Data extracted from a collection
-----
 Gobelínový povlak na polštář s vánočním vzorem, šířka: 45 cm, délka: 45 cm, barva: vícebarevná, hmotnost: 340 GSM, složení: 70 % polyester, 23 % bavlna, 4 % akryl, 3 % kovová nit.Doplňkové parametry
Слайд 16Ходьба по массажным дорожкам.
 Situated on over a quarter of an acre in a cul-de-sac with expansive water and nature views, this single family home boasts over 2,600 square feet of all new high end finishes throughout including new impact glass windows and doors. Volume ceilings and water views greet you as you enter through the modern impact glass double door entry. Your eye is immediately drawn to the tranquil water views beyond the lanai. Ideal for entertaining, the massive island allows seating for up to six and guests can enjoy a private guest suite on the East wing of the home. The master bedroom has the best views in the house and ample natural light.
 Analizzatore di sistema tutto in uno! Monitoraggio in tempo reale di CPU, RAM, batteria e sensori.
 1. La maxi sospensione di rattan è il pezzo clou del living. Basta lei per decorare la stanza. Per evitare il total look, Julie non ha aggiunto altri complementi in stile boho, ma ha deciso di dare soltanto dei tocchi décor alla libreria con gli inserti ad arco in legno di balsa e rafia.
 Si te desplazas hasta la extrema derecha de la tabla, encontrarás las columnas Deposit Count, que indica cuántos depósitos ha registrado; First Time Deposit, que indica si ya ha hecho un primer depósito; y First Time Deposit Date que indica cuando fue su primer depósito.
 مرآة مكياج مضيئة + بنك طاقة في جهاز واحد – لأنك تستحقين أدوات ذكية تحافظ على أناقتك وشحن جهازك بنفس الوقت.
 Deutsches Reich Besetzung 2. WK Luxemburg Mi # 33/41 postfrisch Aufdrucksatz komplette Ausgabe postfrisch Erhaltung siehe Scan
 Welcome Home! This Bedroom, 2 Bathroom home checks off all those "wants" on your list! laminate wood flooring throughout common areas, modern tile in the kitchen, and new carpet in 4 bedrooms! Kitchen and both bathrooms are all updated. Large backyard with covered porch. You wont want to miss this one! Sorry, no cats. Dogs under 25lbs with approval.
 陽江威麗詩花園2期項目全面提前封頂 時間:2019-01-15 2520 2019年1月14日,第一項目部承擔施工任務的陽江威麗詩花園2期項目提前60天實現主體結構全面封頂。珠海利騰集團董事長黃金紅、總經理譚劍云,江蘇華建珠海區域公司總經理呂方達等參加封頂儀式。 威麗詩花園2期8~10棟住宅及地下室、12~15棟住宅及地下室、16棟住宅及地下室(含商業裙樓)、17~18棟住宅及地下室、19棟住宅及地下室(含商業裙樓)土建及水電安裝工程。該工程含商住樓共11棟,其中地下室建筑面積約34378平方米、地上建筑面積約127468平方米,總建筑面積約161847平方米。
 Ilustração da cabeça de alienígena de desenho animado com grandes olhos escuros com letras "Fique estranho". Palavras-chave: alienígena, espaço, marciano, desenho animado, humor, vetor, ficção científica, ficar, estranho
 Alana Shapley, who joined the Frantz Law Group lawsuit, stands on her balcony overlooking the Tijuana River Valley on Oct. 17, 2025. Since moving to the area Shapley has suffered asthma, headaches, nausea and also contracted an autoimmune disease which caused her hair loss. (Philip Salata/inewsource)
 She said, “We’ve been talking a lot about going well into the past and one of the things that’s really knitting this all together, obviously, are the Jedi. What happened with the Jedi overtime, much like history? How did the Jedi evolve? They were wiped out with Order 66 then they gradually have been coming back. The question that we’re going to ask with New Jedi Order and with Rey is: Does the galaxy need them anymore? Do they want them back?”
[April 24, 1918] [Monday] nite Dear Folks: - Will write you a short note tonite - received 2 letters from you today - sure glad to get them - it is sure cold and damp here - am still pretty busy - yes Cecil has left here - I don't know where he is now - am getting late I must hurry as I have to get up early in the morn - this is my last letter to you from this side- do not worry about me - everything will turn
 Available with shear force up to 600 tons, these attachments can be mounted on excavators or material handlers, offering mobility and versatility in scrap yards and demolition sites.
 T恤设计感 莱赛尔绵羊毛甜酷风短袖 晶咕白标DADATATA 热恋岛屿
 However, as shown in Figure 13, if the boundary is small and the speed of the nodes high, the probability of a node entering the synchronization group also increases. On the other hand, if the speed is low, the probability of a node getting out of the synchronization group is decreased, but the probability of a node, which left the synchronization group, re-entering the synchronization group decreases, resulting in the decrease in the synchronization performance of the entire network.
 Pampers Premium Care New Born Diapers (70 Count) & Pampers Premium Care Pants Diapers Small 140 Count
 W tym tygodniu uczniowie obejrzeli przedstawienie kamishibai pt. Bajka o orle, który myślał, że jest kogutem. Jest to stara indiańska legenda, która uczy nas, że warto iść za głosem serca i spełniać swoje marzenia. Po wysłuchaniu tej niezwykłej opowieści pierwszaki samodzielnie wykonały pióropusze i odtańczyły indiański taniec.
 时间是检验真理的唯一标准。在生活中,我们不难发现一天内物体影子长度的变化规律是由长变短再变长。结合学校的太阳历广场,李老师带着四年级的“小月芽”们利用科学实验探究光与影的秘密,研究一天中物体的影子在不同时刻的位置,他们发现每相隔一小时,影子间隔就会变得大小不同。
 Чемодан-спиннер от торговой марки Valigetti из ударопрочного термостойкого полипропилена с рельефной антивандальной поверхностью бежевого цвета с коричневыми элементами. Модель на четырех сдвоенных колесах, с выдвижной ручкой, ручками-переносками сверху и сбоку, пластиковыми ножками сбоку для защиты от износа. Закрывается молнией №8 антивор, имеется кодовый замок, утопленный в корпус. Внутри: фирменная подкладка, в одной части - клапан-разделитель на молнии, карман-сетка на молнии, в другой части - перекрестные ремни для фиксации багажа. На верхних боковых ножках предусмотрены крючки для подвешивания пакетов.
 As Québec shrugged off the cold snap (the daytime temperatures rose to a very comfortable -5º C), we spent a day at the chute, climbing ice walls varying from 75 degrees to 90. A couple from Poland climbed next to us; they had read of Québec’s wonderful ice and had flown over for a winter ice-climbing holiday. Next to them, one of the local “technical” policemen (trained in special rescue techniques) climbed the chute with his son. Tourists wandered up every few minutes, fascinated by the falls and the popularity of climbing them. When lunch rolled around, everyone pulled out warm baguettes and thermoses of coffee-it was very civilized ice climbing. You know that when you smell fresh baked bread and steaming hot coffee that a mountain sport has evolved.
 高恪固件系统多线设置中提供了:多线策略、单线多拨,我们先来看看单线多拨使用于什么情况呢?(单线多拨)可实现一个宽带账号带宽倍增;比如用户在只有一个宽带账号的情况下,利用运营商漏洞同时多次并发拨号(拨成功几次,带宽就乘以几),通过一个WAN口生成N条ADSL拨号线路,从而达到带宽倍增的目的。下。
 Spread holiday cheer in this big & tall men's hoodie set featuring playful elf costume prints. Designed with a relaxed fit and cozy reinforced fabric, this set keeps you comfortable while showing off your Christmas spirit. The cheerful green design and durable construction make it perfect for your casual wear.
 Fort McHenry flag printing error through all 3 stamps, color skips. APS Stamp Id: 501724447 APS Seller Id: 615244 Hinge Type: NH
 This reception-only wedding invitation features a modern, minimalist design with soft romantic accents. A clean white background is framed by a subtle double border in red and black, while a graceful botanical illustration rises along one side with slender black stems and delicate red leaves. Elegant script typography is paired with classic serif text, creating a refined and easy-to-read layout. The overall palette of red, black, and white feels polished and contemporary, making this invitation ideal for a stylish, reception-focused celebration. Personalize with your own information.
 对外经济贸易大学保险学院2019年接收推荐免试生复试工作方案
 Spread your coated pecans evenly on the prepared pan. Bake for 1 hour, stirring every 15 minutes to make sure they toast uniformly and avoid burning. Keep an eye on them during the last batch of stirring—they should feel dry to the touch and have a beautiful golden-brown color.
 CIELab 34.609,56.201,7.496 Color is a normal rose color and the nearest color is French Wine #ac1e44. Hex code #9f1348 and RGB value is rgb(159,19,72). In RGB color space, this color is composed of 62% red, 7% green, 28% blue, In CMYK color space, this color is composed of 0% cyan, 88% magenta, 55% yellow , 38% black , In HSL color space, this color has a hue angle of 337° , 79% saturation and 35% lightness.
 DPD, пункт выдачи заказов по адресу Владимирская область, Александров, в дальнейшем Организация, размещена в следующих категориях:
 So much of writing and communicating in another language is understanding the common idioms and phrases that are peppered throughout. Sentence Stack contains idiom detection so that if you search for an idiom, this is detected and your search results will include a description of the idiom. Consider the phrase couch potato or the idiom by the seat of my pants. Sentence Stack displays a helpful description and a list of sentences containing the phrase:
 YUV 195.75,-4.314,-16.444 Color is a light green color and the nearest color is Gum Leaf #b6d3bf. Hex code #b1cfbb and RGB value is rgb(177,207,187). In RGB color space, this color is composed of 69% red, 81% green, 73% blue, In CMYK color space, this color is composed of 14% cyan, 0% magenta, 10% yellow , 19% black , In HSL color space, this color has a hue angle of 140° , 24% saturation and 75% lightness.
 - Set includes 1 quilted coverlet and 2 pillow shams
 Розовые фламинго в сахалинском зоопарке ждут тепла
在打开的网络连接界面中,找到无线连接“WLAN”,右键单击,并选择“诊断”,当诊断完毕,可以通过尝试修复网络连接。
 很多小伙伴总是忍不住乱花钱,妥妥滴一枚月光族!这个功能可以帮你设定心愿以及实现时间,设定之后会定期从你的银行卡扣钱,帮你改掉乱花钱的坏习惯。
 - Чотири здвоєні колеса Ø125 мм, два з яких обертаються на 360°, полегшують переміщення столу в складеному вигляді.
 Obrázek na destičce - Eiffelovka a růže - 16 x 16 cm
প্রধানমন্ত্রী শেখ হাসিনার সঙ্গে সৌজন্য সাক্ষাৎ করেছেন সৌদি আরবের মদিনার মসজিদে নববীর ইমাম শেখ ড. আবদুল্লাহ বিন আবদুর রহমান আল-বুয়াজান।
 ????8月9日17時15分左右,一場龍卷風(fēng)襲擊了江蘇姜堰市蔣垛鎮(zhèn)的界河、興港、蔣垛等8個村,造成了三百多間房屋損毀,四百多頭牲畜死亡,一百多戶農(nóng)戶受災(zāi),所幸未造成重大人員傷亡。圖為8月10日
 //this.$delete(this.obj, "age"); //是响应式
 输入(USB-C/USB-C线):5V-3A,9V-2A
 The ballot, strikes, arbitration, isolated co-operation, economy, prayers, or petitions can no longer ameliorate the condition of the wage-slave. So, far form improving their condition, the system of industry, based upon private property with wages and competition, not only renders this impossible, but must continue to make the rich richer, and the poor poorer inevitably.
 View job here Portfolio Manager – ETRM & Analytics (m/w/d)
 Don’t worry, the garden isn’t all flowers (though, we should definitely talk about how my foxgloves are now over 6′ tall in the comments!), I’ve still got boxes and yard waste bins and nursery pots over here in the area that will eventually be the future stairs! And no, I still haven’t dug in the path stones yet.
-----
* WHAT NEEDS TO BE DONE *
The response must hold only the lines above from the line with "Spread your coated" through the line with "Obrázek na destičce", each copied exactly, both ends kept.

* EXPECTED ANSWER *
 Spread your coated pecans evenly on the prepared pan. Bake for 1 hour, stirring every 15 minutes to make sure they toast uniformly and avoid burning. Keep an eye on them during the last batch of stirring—they should feel dry to the touch and have a beautiful golden-brown color.
 CIELab 34.609,56.201,7.496 Color is a normal rose color and the nearest color is French Wine #ac1e44. Hex code #9f1348 and RGB value is rgb(159,19,72). In RGB color space, this color is composed of 62% red, 7% green, 28% blue, In CMYK color space, this color is composed of 0% cyan, 88% magenta, 55% yellow , 38% black , In HSL color space, this color has a hue angle of 337° , 79% saturation and 35% lightness.
 DPD, пункт выдачи заказов по адресу Владимирская область, Александров, в дальнейшем Организация, размещена в следующих категориях:
 So much of writing and communicating in another language is understanding the common idioms and phrases that are peppered throughout. Sentence Stack contains idiom detection so that if you search for an idiom, this is detected and your search results will include a description of the idiom. Consider the phrase couch potato or the idiom by the seat of my pants. Sentence Stack displays a helpful description and a list of sentences containing the phrase:
 YUV 195.75,-4.314,-16.444 Color is a light green color and the nearest color is Gum Leaf #b6d3bf. Hex code #b1cfbb and RGB value is rgb(177,207,187). In RGB color space, this color is composed of 69% red, 81% green, 73% blue, In CMYK color space, this color is composed of 14% cyan, 0% magenta, 10% yellow , 19% black , In HSL color space, this color has a hue angle of 140° , 24% saturation and 75% lightness.
 - Set includes 1 quilted coverlet and 2 pillow shams
 Розовые фламинго в сахалинском зоопарке ждут тепла
在打开的网络连接界面中,找到无线连接“WLAN”,右键单击,并选择“诊断”,当诊断完毕,可以通过尝试修复网络连接。
 很多小伙伴总是忍不住乱花钱,妥妥滴一枚月光族!这个功能可以帮你设定心愿以及实现时间,设定之后会定期从你的银行卡扣钱,帮你改掉乱花钱的坏习惯。
 - Чотири здвоєні колеса Ø125 мм, два з яких обертаються на 360°, полегшують переміщення столу в складеному вигляді.
 Obrázek na destičce - Eiffelovka a růže - 16 x 16 cm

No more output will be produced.